*WORK REQUEST:* The expected output is an exact copy of the lines from the one containing "ME+EM Feature Button" through the final line of the entries below, with no images.

..............................

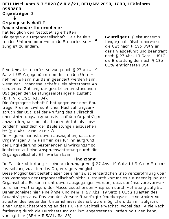 Mit Urteil vom 6.7.2023 (V R 5/21, BFH/NV 2023, 1380, LEXinform 0953588) hat der BFH die Aufrechnung in Bauträgerfällen entschieden, in denen die Organgesellschaft als bauleistender Unternehmer tätig war. Im Urteilsfall war zu entscheiden, ob die Organgesellschaft den zivilrechtlichen Nachzahlungsanspruch der USt gegen den Bauträger an das FA abtreten kann, wenn über das Vermögen der Organgesellschaft das Insolvenzverfahren eröffnet worden ist.
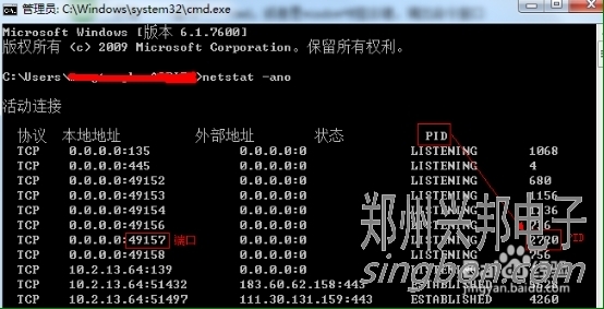 查看被占用端口對應(yīng)的PID,輸入命令:netstat -aon|findstr "49157",回車,記下最后一位數(shù)字,即PID,這里是2720
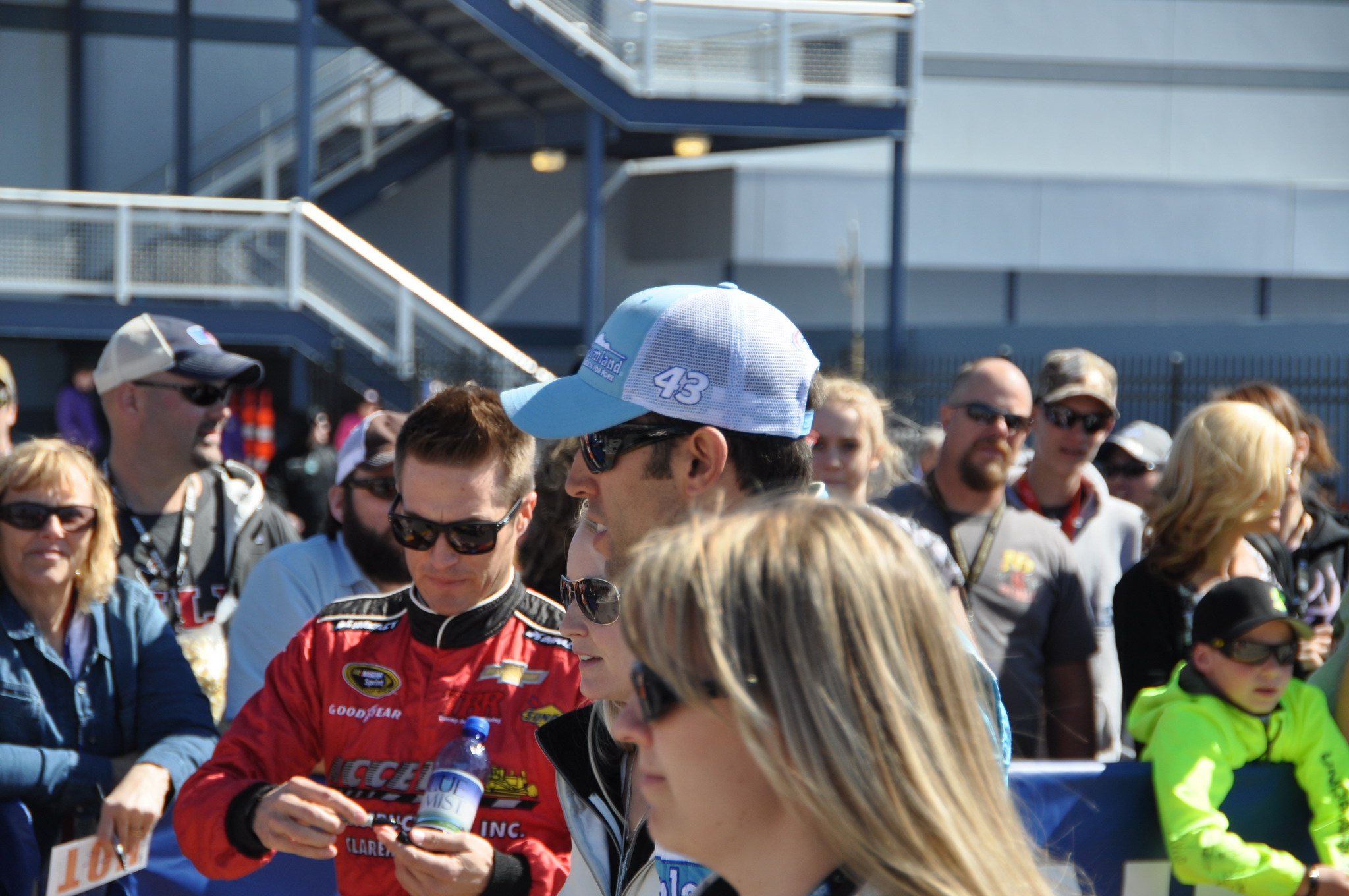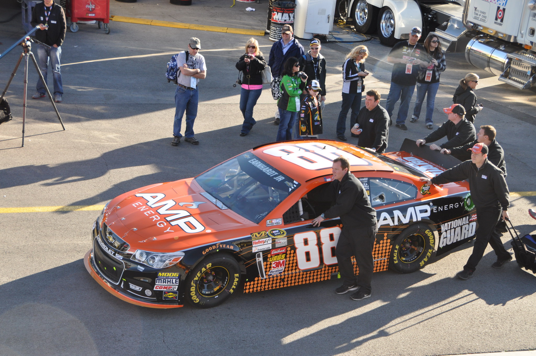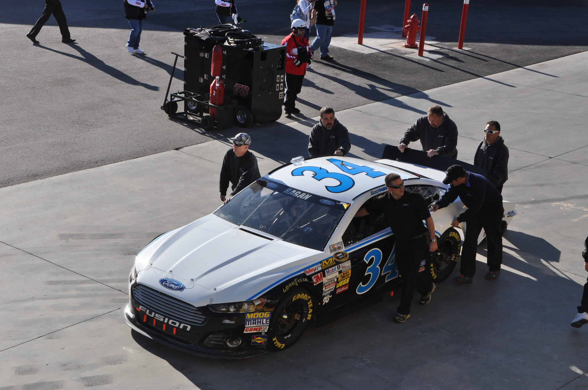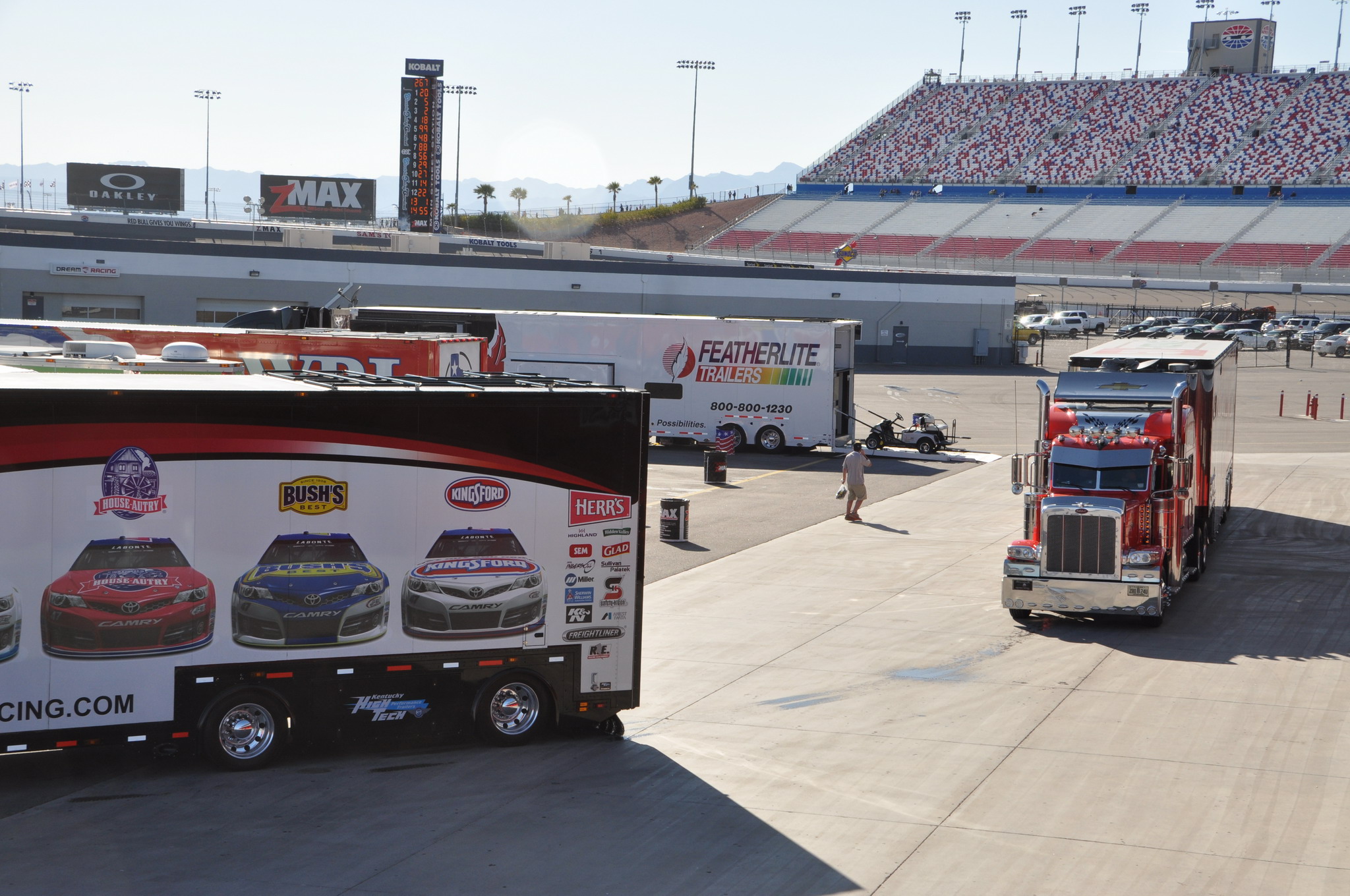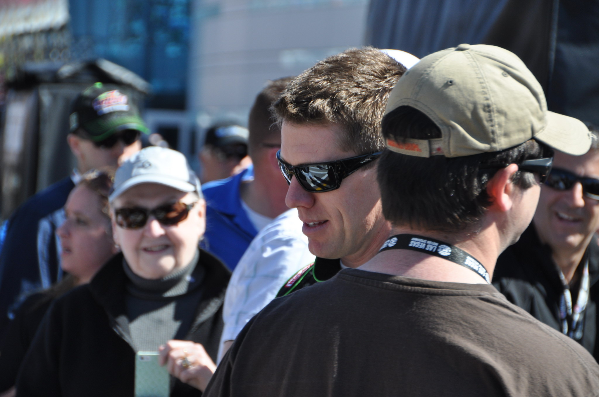 Et comme c'est de tradition le dimanche juste avant la course, et c'est aussi pour ça qu'on m'avait particulièrement conseillé la course de Vegas, toute la ligne des stands est ouverte aux fans. Les équipes, après l'inspection, y mettent les voitures, ce qui permet de toutes les voir de près, quelques animations sont organisées, avec un peu de chance, il est possible de voir les pilotes de près, le vrai spectacle de la Nascar pour les fans.
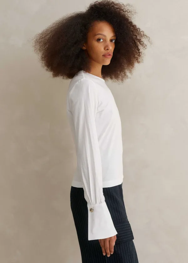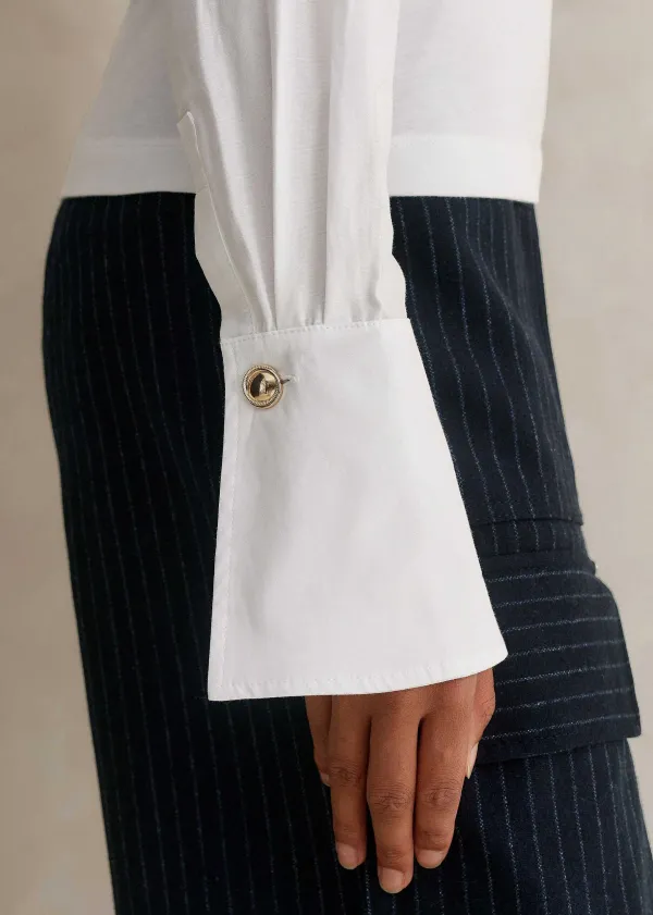 ME+EM Feature Button Crew Neck Layering Shirt | Women Shirts
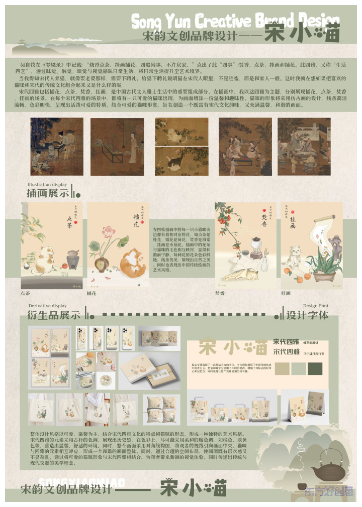 曹晓璐同学的《宋小喵文创品牌设计》和陈姝怡同学的《一针一线 画卷再现》均荣获特金奖。这两部作品以其深邃的文化内涵、创新的设计理念和精湛的工艺水平,赢得了评委和观众的一致好评陆星烨同学的《解鸭梨解压馆视觉形象设计》、熊双艳同学的《徽味无穷》荣获银奖,其设计巧妙的创意构思与视觉艺术相结合,为观众带来全新的视觉体验。贾健平同学的作品《背对世界》、徐婉婷同学的《瑶台银阙—苗族银饰非遗展厅》、林思含同学的《予你 FOR YOU》、朱欣怡同学的《反走私海报》以及徐恒同学的《泡泡奇异集市品牌形象设计》等作品均荣获铜奖,这些作品或以其独特的视角和创意展现了巧品牌的深厚文化内涵、或以独特的视觉语言深刻挖掘了民族文化的精髓,为传统手工艺的传承与创新提供了新的思路。

..............................

*SOLUTION TO THIS EXERCISE:*
 ME+EM Feature Button Crew Neck Layering Shirt | Women Shirts
 曹晓璐同学的《宋小喵文创品牌设计》和陈姝怡同学的《一针一线 画卷再现》均荣获特金奖。这两部作品以其深邃的文化内涵、创新的设计理念和精湛的工艺水平,赢得了评委和观众的一致好评陆星烨同学的《解鸭梨解压馆视觉形象设计》、熊双艳同学的《徽味无穷》荣获银奖,其设计巧妙的创意构思与视觉艺术相结合,为观众带来全新的视觉体验。贾健平同学的作品《背对世界》、徐婉婷同学的《瑶台银阙—苗族银饰非遗展厅》、林思含同学的《予你 FOR YOU》、朱欣怡同学的《反走私海报》以及徐恒同学的《泡泡奇异集市品牌形象设计》等作品均荣获铜奖,这些作品或以其独特的视角和创意展现了巧品牌的深厚文化内涵、或以独特的视觉语言深刻挖掘了民族文化的精髓,为传统手工艺的传承与创新提供了新的思路。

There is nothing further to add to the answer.